Leander was immediately at attention and striving to hide it.

"--We could just do whatever as long as we weren't growing fangs in the middle of the grocery store," Trevor said. "I used to play shows down at one of the bars in town. December used to take dance lessons and May used to fix cars. But now we're supposed to hardly leave here. And never without permission."

"So it's Dru, then?" Leander said. "He prefers a more isolated set up?"

"Some days I can't tell if it's him or Dana," Trevor said. "And Dana and me, we used to be tight--"

"He refers to you as his second," Leander said.

Trevor smiled faintly, but fondly.

"--but he hasn't been the same since his dad, you know. He was always kind of a douchebag about some things, don't get me wrong, and he'd always leave home for stretches without explaining much, but...now he's just…sometimes I think he goes too far." Trevor shrugged.

"Mmm," Leander said, noncommittal. "So what was his dad like? What was it like when he was in charge?"
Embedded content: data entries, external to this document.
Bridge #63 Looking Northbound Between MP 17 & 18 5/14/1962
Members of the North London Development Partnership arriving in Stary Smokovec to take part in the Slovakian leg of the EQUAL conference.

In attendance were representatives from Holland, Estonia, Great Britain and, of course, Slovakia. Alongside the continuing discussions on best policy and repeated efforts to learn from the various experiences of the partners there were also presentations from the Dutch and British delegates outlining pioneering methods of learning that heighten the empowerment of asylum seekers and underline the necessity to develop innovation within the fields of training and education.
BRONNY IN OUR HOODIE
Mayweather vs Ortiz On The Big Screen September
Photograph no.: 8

"Eh, Frankie probably could tell you better," Trevor said. "He's older."

"You look the same age," Leander said.

"Lycan blood," Trevor said, flashing a smile with too much teeth.

"Werewolf
bullshit
," Leander said, jostling him with his shoulder.
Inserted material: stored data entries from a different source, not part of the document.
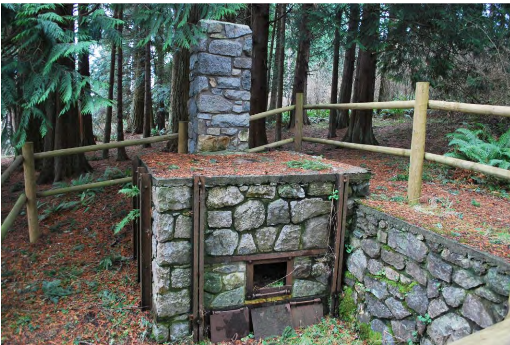
Photo 3 of 4: Cornet Bay Incinerator, detail view to north taken 12/22/2014.
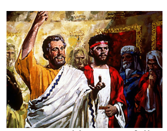
Peter preaching powerfully by the Holy Spirit.

Acts 2:17,18 AND IT SHALL COME TO PASS IN THE LAST DAYS, SAYS GOD, THAT I WILL POUR OUT OF MY SPIRIT ON ALL FLESH; your sons and your daughters shall prophesy, your young men shall see visions, your old men shall dream dreams. And on My menservants and on My maidservants I will pour out My Spirit in those days; and they shall prophesy.
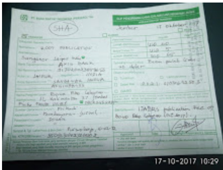
IJAERS Payment receipt.jpg 2031K
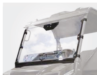
Single Piece Windshield PN: 19006-R
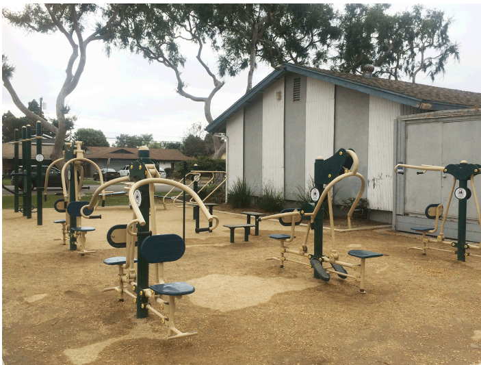
Figure 1. Fitness zone in Eastgate Park, Garden Grove, 2016.

Eastgate Park is a 4.5-acre park in a suburban community in northern Orange County and has amenities such as open green space, a children's playground, a community pool, a meeting facility, and a covered picnic area. The fitness zone in Eastgate Park was installed in December 2015 in a previously open space. The city's parks and recreation department worked with Greenfields Outdoor Fitness Equipment, Inc (15), an Orange County-based company, to install 8 pieces of equipment: a 2-person lateral pull, a 2-person back and arms combination resistance, a 2-person vertical arm press, a 2-person chest press, a set of combination bars, a 2-person sit-up bench, a parallel dip and stretch machine, and poly-metric steps (Figure 1).
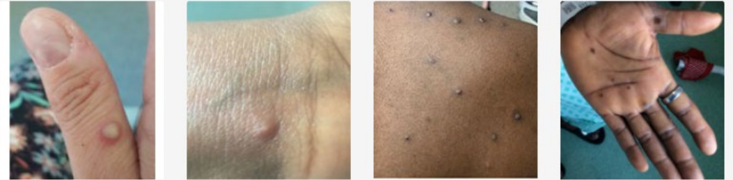
Visual Examples of Monkeypox Rash
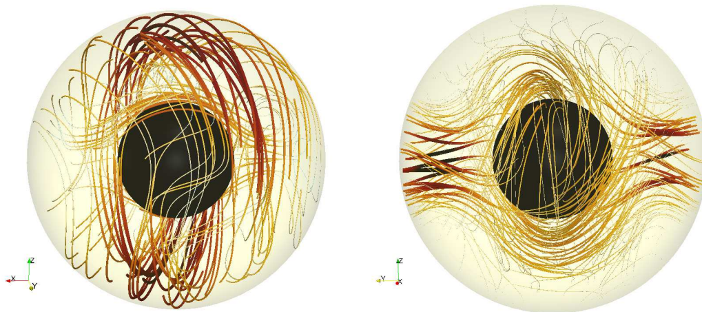
FIG. 3: (Color online) Magnetic eigenmodes close to the onset for kinematic dynamo action driven by the S_2^2 T_2^2 reversible flow. Left: the boundary conditions are perfectly-conducting (no normal field). Right: the boundary conditions correspond to a pseudo-vacuum (no tangent field). In both cases, the magnetic field is dominated by a strong m = 1 mode. The magnetic field lines are initiated randomly in the spherical shell. The dark and thick magnetic field lines correspond to large magnetic field amplitude whereas bright and thin lines correspond to low magnetic field magnitude. The growth rate associated with these two eigenmodes is exactly the same.

The growth rates for the two types of boundary conditions are however clearly distinct for the non-reversible S_2^0 T_2^0 flow (see figure 2). Since the azimuthal magnetic modes are decoupled, we only show the growth rates associated with the most unstable mode m = 1 . In that case, a dynamo is observed in the case of perfectly-conducting boundary conditions whereas no dynamo at all is found with an infinite magnetic permeability. As already mentioned, this flow shares some similarity with the mean velocity field of the VKS experiment. The effect of the magnetic boundary conditions on the dynamo threshold of von Kármán swirling flows has been studied by [13]. The lack of dynamo in the infinite magnetic permeability case is due to the presence of the large inner core in our case. As the size of the core is reduced, we recover the dynamo observed by several studies, with a strong equatorial dipole.

Trevor laughed and shoved back.

 

++

The next day when Dana came to check on him, Leander was chatting idly with December as he French braided May's hair. Dana tried to drag him away, but May wasn't about to let Leander go when only half her hair was done, and December was up next.

 

++

It had been a tactical mistake, Leander thought, to think that he could get some reading done alone in his room. Staying around people was the correct strategy. Luckily, Dana was loud.

"The fuck you think you are, that you can just come in here and turn people against me?" Dana yelled.

"I haven't turned anyone against anyone," Leander said.